TASK TO CARRY OUT>
Your answer should be the exact lines of the data below from the one containing "② 표착물을 주워 모읍시다." through the one containing "第1回 縄文の女神ペーパークラフト デザインコンテスト表彰式"; please include nothing else.

(Records excerpted from a collection)
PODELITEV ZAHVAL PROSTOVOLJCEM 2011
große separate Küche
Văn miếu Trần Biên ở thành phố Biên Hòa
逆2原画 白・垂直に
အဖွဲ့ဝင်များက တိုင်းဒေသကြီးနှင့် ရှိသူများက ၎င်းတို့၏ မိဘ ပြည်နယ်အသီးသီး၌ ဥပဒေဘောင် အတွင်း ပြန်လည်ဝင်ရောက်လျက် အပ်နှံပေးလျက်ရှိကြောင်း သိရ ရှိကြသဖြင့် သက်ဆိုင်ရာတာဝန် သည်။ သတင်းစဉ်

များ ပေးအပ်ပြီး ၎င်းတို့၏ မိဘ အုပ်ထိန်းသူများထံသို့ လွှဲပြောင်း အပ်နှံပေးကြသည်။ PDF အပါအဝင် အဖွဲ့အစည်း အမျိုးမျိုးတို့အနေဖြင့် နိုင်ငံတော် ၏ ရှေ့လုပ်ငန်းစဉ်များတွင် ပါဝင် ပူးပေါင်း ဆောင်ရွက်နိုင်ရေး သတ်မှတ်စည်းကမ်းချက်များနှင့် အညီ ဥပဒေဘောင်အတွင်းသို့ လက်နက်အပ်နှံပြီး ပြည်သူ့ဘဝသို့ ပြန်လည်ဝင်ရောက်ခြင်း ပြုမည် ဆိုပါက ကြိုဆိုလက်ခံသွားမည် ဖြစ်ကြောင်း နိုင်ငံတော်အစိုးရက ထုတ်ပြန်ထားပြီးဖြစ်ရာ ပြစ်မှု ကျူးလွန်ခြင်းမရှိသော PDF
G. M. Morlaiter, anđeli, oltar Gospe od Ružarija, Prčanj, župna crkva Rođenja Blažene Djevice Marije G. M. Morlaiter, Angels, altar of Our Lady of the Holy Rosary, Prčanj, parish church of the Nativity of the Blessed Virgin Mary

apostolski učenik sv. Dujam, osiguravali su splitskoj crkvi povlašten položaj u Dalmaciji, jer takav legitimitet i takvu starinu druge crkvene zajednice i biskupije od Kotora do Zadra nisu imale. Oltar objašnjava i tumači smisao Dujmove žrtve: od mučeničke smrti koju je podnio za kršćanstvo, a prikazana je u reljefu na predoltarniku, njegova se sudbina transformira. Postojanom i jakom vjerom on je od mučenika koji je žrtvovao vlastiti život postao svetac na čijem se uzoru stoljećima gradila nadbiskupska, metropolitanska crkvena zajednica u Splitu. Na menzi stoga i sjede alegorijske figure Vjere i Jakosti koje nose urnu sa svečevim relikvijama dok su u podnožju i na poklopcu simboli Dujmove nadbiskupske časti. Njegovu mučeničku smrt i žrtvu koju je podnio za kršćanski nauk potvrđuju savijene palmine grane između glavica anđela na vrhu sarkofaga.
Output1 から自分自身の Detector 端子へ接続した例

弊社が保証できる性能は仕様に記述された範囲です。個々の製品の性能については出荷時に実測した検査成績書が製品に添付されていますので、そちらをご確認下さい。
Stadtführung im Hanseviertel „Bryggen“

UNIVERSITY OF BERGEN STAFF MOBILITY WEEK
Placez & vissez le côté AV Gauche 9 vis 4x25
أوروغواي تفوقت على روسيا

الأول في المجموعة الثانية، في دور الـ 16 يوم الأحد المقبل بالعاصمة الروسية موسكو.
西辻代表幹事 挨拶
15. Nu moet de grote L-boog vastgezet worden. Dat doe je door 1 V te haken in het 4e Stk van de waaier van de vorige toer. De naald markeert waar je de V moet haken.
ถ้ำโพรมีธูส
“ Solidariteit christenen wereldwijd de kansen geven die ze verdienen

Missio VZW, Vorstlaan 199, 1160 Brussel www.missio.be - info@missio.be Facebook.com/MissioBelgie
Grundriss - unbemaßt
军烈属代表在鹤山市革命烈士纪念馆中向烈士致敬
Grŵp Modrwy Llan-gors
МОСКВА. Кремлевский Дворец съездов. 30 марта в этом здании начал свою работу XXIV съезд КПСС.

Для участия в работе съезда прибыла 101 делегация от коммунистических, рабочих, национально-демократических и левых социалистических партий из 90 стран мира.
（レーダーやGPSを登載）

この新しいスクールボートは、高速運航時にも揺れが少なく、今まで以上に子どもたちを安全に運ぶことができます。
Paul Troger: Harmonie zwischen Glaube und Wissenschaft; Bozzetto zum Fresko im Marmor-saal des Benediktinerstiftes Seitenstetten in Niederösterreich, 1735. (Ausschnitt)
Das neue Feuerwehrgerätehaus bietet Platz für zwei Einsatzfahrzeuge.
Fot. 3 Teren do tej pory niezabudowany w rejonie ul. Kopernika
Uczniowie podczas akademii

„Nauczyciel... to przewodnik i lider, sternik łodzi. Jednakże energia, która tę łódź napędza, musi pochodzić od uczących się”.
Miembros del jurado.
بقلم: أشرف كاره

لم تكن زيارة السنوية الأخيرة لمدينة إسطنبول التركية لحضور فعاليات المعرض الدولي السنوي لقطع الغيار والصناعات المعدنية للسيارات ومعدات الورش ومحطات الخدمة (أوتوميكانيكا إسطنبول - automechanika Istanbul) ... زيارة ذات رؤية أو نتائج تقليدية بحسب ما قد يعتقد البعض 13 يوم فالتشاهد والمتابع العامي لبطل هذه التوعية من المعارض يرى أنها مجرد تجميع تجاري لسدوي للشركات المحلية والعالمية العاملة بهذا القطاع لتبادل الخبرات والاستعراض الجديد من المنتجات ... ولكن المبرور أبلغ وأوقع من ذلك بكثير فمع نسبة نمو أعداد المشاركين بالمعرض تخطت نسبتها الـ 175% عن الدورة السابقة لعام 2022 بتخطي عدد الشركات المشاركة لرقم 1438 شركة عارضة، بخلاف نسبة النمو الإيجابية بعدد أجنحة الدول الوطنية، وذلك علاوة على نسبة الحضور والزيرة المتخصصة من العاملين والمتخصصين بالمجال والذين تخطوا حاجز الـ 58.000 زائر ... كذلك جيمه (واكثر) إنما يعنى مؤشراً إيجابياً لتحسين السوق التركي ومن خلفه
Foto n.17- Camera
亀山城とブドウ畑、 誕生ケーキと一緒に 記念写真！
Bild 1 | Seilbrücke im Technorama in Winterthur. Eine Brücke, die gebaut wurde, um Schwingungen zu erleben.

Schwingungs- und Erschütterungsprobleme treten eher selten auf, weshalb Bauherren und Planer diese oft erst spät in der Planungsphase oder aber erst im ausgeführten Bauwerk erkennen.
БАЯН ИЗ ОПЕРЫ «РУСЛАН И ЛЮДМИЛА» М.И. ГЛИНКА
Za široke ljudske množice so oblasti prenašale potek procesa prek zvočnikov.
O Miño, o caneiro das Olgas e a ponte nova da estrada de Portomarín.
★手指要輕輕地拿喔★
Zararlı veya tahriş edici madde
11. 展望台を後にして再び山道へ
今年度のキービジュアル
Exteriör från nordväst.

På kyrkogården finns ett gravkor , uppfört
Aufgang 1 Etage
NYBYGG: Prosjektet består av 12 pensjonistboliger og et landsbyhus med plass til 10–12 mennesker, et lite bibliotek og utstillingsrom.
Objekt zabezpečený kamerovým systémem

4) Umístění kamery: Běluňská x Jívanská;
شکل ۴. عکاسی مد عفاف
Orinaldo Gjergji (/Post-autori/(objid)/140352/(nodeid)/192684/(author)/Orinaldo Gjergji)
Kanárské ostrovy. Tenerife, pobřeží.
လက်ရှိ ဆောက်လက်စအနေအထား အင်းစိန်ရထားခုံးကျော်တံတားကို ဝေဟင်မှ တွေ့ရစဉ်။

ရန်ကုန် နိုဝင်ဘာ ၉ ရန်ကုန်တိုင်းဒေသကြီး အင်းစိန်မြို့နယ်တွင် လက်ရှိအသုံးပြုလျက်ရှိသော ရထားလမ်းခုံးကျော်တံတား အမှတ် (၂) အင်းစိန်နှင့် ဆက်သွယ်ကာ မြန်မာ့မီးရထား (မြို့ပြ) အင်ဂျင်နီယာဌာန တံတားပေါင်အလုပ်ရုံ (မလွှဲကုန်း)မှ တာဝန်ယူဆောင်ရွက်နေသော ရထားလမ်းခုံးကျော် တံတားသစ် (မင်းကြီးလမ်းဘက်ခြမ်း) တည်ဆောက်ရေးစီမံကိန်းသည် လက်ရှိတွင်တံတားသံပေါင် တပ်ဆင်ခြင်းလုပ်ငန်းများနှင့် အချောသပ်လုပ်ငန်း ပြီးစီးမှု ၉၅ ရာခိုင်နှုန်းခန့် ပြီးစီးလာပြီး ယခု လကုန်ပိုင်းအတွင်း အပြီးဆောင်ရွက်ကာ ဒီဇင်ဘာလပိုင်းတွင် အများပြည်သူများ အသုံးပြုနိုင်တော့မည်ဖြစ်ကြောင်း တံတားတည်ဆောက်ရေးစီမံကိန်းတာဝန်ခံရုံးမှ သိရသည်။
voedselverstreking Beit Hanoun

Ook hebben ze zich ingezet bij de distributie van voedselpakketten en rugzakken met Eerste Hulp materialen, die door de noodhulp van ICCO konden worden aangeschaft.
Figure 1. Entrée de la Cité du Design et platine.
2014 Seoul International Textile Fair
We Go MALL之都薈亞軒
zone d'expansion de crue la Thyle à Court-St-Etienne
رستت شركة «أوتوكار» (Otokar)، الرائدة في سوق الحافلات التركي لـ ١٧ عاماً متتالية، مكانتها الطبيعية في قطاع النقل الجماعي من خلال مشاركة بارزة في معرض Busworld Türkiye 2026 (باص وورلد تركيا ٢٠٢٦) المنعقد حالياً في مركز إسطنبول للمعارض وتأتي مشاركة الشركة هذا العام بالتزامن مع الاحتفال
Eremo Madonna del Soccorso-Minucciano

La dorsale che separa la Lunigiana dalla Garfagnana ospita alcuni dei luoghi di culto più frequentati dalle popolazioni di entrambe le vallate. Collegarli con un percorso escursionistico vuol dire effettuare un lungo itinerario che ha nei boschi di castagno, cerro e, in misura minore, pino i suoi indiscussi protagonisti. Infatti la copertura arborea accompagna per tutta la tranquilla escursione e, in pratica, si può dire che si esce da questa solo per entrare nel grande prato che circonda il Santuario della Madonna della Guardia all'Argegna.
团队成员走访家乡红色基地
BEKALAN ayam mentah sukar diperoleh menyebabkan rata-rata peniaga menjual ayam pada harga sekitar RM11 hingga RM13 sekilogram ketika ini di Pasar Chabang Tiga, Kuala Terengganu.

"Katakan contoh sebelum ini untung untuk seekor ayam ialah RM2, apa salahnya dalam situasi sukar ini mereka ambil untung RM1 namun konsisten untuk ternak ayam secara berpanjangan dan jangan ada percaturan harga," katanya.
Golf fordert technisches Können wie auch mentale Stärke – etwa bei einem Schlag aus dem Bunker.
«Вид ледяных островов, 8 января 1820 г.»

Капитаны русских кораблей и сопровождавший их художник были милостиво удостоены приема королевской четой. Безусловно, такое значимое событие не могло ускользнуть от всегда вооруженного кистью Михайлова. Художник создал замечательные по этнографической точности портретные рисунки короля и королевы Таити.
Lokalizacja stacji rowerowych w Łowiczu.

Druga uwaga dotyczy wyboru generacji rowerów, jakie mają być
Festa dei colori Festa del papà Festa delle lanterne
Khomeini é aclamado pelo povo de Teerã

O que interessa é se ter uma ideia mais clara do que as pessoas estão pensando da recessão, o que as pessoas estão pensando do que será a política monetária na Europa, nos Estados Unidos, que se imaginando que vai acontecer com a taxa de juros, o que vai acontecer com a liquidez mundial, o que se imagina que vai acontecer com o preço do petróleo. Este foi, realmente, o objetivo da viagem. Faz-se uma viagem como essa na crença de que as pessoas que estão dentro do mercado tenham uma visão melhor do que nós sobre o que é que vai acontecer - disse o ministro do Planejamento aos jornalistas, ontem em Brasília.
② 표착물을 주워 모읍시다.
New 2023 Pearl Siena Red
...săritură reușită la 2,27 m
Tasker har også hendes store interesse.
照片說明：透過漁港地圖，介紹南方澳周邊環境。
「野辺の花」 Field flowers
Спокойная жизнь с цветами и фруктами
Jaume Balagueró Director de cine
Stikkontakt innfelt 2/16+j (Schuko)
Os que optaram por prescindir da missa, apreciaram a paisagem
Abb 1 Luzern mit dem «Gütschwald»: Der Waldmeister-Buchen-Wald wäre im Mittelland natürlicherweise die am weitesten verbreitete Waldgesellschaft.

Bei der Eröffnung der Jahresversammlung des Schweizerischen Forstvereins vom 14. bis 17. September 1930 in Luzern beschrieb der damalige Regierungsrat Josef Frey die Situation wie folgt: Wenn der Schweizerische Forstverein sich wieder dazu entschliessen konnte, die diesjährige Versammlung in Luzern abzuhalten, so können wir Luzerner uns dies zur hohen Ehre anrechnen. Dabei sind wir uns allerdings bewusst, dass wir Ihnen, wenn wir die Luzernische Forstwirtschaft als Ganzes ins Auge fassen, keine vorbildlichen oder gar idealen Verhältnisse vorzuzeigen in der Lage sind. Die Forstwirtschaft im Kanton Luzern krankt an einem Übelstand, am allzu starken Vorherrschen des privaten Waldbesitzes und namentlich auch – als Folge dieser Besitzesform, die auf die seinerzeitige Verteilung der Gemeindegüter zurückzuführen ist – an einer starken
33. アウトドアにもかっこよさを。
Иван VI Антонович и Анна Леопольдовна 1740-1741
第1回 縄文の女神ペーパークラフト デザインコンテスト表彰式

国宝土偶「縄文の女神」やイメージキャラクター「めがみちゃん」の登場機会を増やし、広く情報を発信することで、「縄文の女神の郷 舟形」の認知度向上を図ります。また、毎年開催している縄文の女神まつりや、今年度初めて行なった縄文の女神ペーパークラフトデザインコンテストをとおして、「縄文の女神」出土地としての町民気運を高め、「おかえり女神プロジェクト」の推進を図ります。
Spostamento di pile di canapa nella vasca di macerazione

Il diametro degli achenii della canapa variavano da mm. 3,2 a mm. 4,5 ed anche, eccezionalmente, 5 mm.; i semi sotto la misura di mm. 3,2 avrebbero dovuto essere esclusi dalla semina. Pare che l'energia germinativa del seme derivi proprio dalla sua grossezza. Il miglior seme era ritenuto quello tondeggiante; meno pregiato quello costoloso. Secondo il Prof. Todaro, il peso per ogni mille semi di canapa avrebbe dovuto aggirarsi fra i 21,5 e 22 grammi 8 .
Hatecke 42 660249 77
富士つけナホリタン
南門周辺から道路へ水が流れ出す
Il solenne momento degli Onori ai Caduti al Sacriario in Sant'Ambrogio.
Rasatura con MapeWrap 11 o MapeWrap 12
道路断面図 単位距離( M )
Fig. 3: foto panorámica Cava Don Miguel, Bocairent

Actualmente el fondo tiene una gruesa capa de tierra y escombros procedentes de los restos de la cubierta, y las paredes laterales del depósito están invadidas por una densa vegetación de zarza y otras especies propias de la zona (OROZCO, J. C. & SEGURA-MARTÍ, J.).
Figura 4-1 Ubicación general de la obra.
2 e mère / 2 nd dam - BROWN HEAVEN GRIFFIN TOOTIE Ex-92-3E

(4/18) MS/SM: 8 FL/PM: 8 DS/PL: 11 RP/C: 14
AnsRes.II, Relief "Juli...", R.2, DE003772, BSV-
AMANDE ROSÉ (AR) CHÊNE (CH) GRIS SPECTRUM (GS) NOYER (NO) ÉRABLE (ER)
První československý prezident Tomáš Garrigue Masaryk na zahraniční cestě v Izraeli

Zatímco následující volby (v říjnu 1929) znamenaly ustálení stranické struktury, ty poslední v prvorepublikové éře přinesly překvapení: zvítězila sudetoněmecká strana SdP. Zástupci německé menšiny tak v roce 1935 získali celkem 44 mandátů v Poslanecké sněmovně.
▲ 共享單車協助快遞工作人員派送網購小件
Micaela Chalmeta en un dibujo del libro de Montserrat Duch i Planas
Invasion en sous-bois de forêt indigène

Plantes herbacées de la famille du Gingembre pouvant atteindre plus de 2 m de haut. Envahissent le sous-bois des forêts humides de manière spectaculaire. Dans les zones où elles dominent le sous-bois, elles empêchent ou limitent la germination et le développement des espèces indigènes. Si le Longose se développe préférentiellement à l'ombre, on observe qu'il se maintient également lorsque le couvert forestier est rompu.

TASK OUTPUT>
② 표착물을 주워 모읍시다.
New 2023 Pearl Siena Red
...săritură reușită la 2,27 m
Tasker har også hendes store interesse.
照片說明：透過漁港地圖，介紹南方澳周邊環境。
「野辺の花」 Field flowers
Спокойная жизнь с цветами и фруктами
Jaume Balagueró Director de cine
Stikkontakt innfelt 2/16+j (Schuko)
Os que optaram por prescindir da missa, apreciaram a paisagem
Abb 1 Luzern mit dem «Gütschwald»: Der Waldmeister-Buchen-Wald wäre im Mittelland natürlicherweise die am weitesten verbreitete Waldgesellschaft.

Bei der Eröffnung der Jahresversammlung des Schweizerischen Forstvereins vom 14. bis 17. September 1930 in Luzern beschrieb der damalige Regierungsrat Josef Frey die Situation wie folgt: Wenn der Schweizerische Forstverein sich wieder dazu entschliessen konnte, die diesjährige Versammlung in Luzern abzuhalten, so können wir Luzerner uns dies zur hohen Ehre anrechnen. Dabei sind wir uns allerdings bewusst, dass wir Ihnen, wenn wir die Luzernische Forstwirtschaft als Ganzes ins Auge fassen, keine vorbildlichen oder gar idealen Verhältnisse vorzuzeigen in der Lage sind. Die Forstwirtschaft im Kanton Luzern krankt an einem Übelstand, am allzu starken Vorherrschen des privaten Waldbesitzes und namentlich auch – als Folge dieser Besitzesform, die auf die seinerzeitige Verteilung der Gemeindegüter zurückzuführen ist – an einer starken
33. アウトドアにもかっこよさを。
Иван VI Антонович и Анна Леопольдовна 1740-1741
第1回 縄文の女神ペーパークラフト デザインコンテスト表彰式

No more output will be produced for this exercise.